Bestbuy leads with the highest review marks, contrasting with Walmart, which has the lowest. However, Walmart stands out with the highest review density, indicating a generally higher sales volume. Given our insight that Walmart usually offers lower prices, it seems customers often opt for more affordably priced products even if it might mean compromising on experience quality.
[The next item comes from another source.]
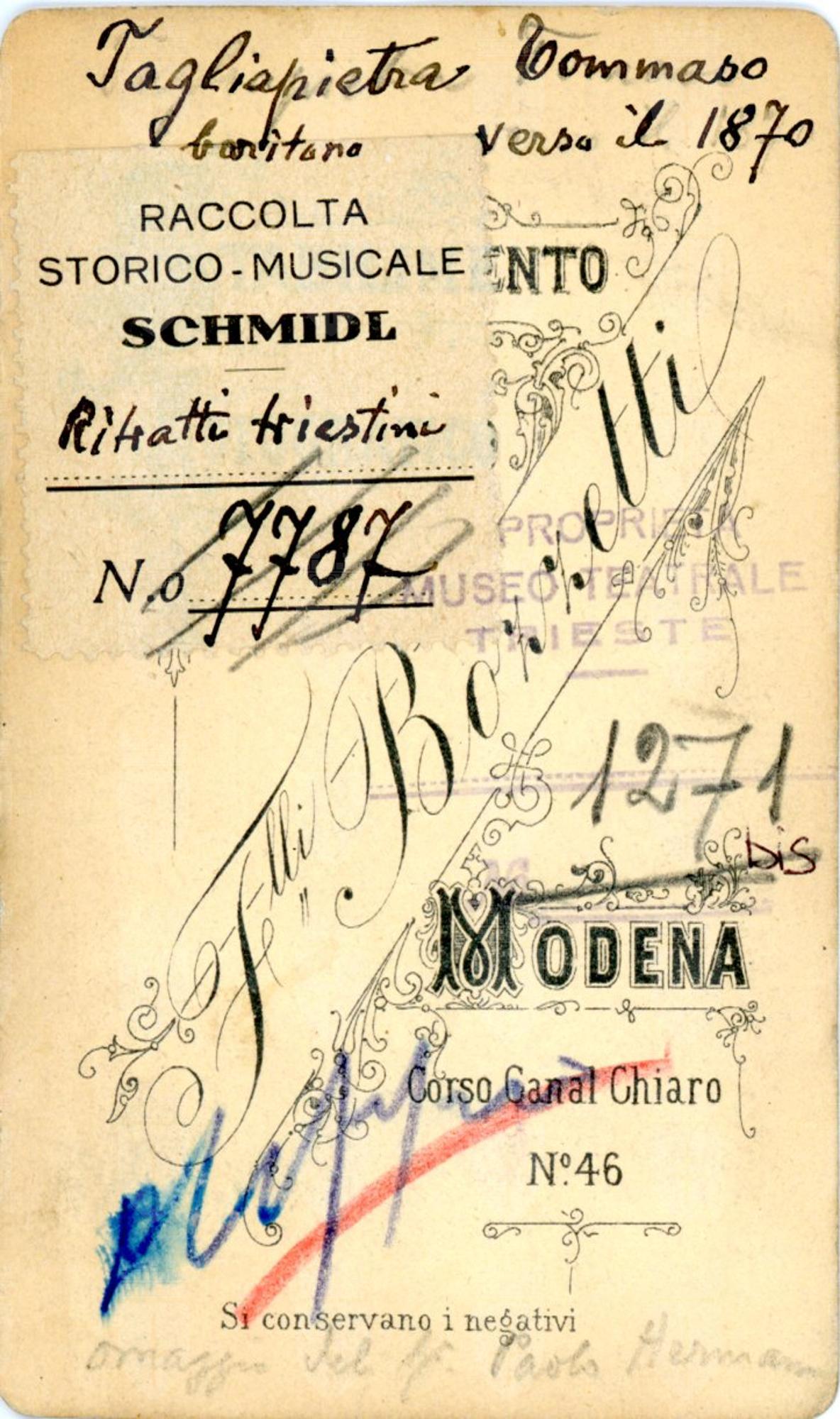 In costume nel ruolo di Alfonso in "La favorita", interpretata anche a Vigevano e Zara nel 1872; nel 1875-76 a Nizza ha interpretato Laerte in "Mignon" e Valentino nel "Faust; l'anno successivo Nevers, negli "Ugonotti" a Genova. A Trieste ha partecipato al concerto del 31.3.1872 diretto da Giuseppe Rota al Teatro Comunale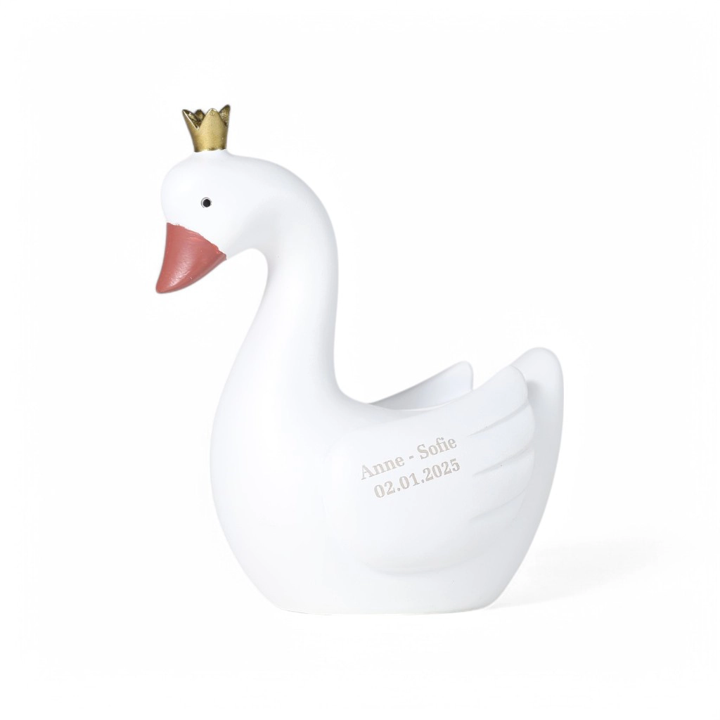 Den hvide svane har et blødt, mat finish, mens dens næb og krone tilføjer et strejf af farve og elegance. Perfekt som en personlig gave til barnedåb, fødselsdag eller andre særlige anledninger. Med mulighed for gravering kan denne sparebøsse gøres helt unik og blive et varigt minde om en speciel dag.

#### 3.2 Strategic Collaboration Insights:

In [17]:
# Calculate the correlation matrix
corr_matrix = all_df[['Price', 'Review Number', 'Review Mark']].corr()

# Create a heatmap
fig = ff.create_annotated_heatmap(
    z=corr_matrix.values,
    x=corr_matrix.columns.tolist(),
    y=corr_matrix.index.tolist(),
    annotation_text=corr_matrix.round(2).values,
    colorscale='Blues',
    showscale=True,
)

fig.update_layout(
    title='Correlation Matrix',
    xaxis=dict(tickangle=-45),
    template='plotly', 
)

fig.show()

In [18]:
go.Figure(fig).write_html("eda_plots/iDC_plot8.html", auto_open=True)

The correlation plot reveals significant relationships among Review Mark, Review Number, and Price. Specifically, Price and Review Number exhibit a negative correlation, suggesting that lower prices can drive higher sales. Similarly, a negative correlation between Price and Review Mark implies that higher prices may often result in lower customer satisfaction.

In [19]:
# Cross-Brand Retailer Analysis
cross_brand_retailer = all_df.groupby(['Retailer', 'Brand']).agg({'Price': 'mean', 'Review Mark': 'mean'}).reset_index()

# Plotting
fig_cross_brand = px.scatter(cross_brand_retailer, x='Price', y='Review Mark', color='Brand', facet_col='Retailer', title='Cross-Brand Retailer Analysis')
fig_cross_brand.show()

In [20]:
go.Figure(fig_cross_brand).write_html("eda_plots/iDC_plot9.html", auto_open=True)

### Conclusions

Through our detailed analysis, several strategic insights have been gleaned to augment iDC TV Inc.'s market stance.

### Strategic Recommendations:

1. Adopt Competitive Pricing:

Implementing competitive pricing can attract a wider consumer base, particularly those sensitive to price, thereby potentially increasing market share.

2. Diversify Product Portfolio:

Enhancing product diversity to cater to various consumer segments can ensure broader market appeal and can help in customer retention through varied offerings.

3. Optimize Market Positioning:

Strategically aligning product offerings and pricing strategies with consumer expectations and preferences can maximize the impact and drive sustained growth.

By strategically aligning with market dynamics and prioritizing consumer-centric approaches, iDC TV Inc. can navigate the competitive landscape effectively and solidify its market presence.